In 2005, the country passed a National Reconciliation Charter with the approval of a reported 97 percent of the electorate. The controversial document ended the fighting between the state and Islamist militants by granting amnesty to almost all fighters on both sides.

It also offered financial compensation to the families of those disappeared in the war, but also made it illegal to criticize government conduct during the conflict, effectively closing the door to any future investigations.

Supporters of the charter say that for Algeria to move forward, it must forget its past. But men like Ferhati are the spoilers of that vision.
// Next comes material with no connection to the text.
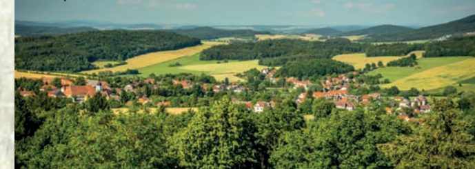
Dnešní pohled na Chudenice z Bolfánku

Když se o této události dozvěděl vévoda Břetislav, nazval malé miminko černé od sazí černým, tedy Czerninem a statky jeho rodičů pojmenoval Chudenicemi.

He says the charter gives impunity to human rights violators and robs families of their right to know the truth about their loved ones' final days.

"In conflicts all around the world, there are victims and there are perpetrators," says Ferhati. "We need to know who is who, and only then can we start reconciling with each other."

Families seek truth before reconciliation

Human Rights Watch criticized the referendum on the National Reconciliation Charter, saying Mr. Bouteflika campaigned for it "on the theme that those who opposed it were the enemies of peace and reconciliation." But despite the criticism, the accord is clearly popular. For most Algerians, the highest political priority is making sure that peace is here to stay.

In order to do that, the charter emphasizes that Algerians are more alike than different, says Hugh Roberts, former head of the North Africa program for the International Crisis Group. It is a much-appreciated corrective to "the identity politics that led to the violence of the 1990s."